Congrats. Dooney is ACEs.


----------



## American_Pit13 (Apr 23, 2007)

Very nice! Congrats you guys


----------



## LadyRampage (Apr 11, 2009)

Congrats!!!!! Much deserved CH title!!!!


----------



## Celestial88 (Mar 14, 2011)

Congratulations! That is awesome


----------



## davidfitness83 (Jul 7, 2009)

Wow he is stunning great job on the title and his amazing condition


----------



## 9361 (Jun 25, 2009)

Congrats Rudy! That is so exciting.


----------



## performanceknls (Apr 4, 2009)

Congrats Dooney YAY he is worth of being an ADBA CH for sure!


----------



## Eric (Oct 21, 2010)

Congrats Rudy!! Way to go!! :thumbsup:


----------



## Rudy4747 (Nov 29, 2009)

Thanks everybody.


davidfitness83 said:


> Wow he is stunning great job on the title and his amazing condition


It was fun but he us a pain to condition. No toy drive if its not live prey he could care less. Hand walking drag sled got us there. Now we have a mill good cause my big but can't walk him enough to get him even breathing hard any more.

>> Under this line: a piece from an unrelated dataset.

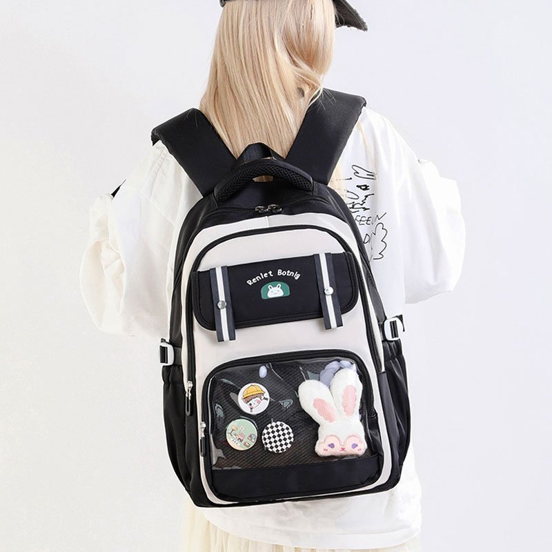 Ajoutez une touche de fantaisie au quotidien scolaire de votre enfant avec ce sac à dos au design kawaii signé BoShiKai . Pratique, original et personnalisable, il plaira autant aux petites qu’aux adolescentes ! Design Kawaii Personnalisable – Une grande poche transparente pour y glisser peluches, autocollants, badges ou petits objets décoratifs. Confort Quotidien – Bretelles larges et ajustables, dossier matelassé pour un port confortable. Poches Multiples – Plusieurs compartiments pour cahiers, trousses, tablette, gourde, etc. Motif Lapin & Logo Mignon – Un style tendance avec son petit lapin blanc et son look coréen. Idéal pour École ou Sorties – Léger, résistant et stylé. Caractéristiques : Dimensions : 45 x 35 x 25 cm Couleur : Noir et crème Poche frontale transparente avec badges et peluche inclus Public : Enfants (primaire, collège ou fans de kawaii) Fermetures éclairs solides, tissu imperméable et durable

Any way thanks.


----------



## apbtmom76 (Nov 4, 2008)

RUDY that is soooooo freakin awesome man, look at all those ribbons and the trophy, Dooney is a looker for sure and I know you will get his ACE soon enough. CONGRATS man


----------



## Rudy4747 (Nov 29, 2009)

Thanks Tye. He for that best in show at Cleburn tx last year hopefully help do well there this year at nationals. See you there.


----------



## Blue_Nose_Bella (Jan 16, 2011)

Rudy4747 said:


> So It's official Our boy Dooney is now an ADBA Ch. We knew the minute he got his title but we got this in the mail to day.
> 
> 
> 
> ...


WOW!! AWESOME!! :woof: Very happy for you and Dooney! That is one good looking boy!


----------



## apbtmom76 (Nov 4, 2008)

Oh shoot yeah, he should do awesoe at Nationals, that will be Odie's first show, lol. And you will for sure see me there


----------



## Rudy4747 (Nov 29, 2009)

Oh I one it can't wait to see you lol guy in the ring. Well be thee. Thanks Bella.


----------



## apbtmom76 (Nov 4, 2008)

I can't wait either, so exciting, and Stacia will be there to see what he does, glad Lance and I aren't in the same sex group, lol


----------



## dixieland (Aug 14, 2009)

A big Congrats to you!He's a good looking boy!:clap:


----------



## Black Rabbit (Nov 14, 2009)

YAY!!!!!!!! Congrats you guys :woof: :woof: great job!!!!!!!


----------



## Nizmo (Jan 15, 2009)

thats huge news! congrats!


----------



## Rudy4747 (Nov 29, 2009)

apbtmom76 said:


> I can't wait either, so exciting, and Stacia will be there to see what he does, glad Lance and I aren't in the same sex group, lol


yeah I want to see pics when you get him. Should be fun.

Thanks to every one.


----------



## meganc66 (Mar 6, 2009)

I love him, congrats!!!!!!!!11


----------



## Mach0 (Mar 28, 2010)

Great job. Congrats!!!!!!


----------



## pitbullmamanatl (Jun 1, 2010)

CONGRATULATIONS! Much deserved!


----------



## bahamutt99 (May 14, 2008)

Holy crap, Rudy! When did he finish? I'm tripping because its been 6 weeks and no certificate for Terra, but Dooney was already a CH when she finished and you just got his? LOL! I guess I should sit on my hands for a while. Anyway, congratulations my friend! Well earned.


----------



## Rudy4747 (Nov 29, 2009)

He finished in April. That is what the date on it says. He finished first day in Kellyville.


----------



## kera5 (Jan 29, 2011)

congrats to you and Dooney


----------



## Rudy4747 (Nov 29, 2009)

Thanks let's5.


----------



## apbtmom76 (Nov 4, 2008)

Rudy4747 said:


> yeah I want to see pics when you get him. Should be fun.
> 
> Thanks to every one.


Oh for sure, you know I will overload you guys with pics


----------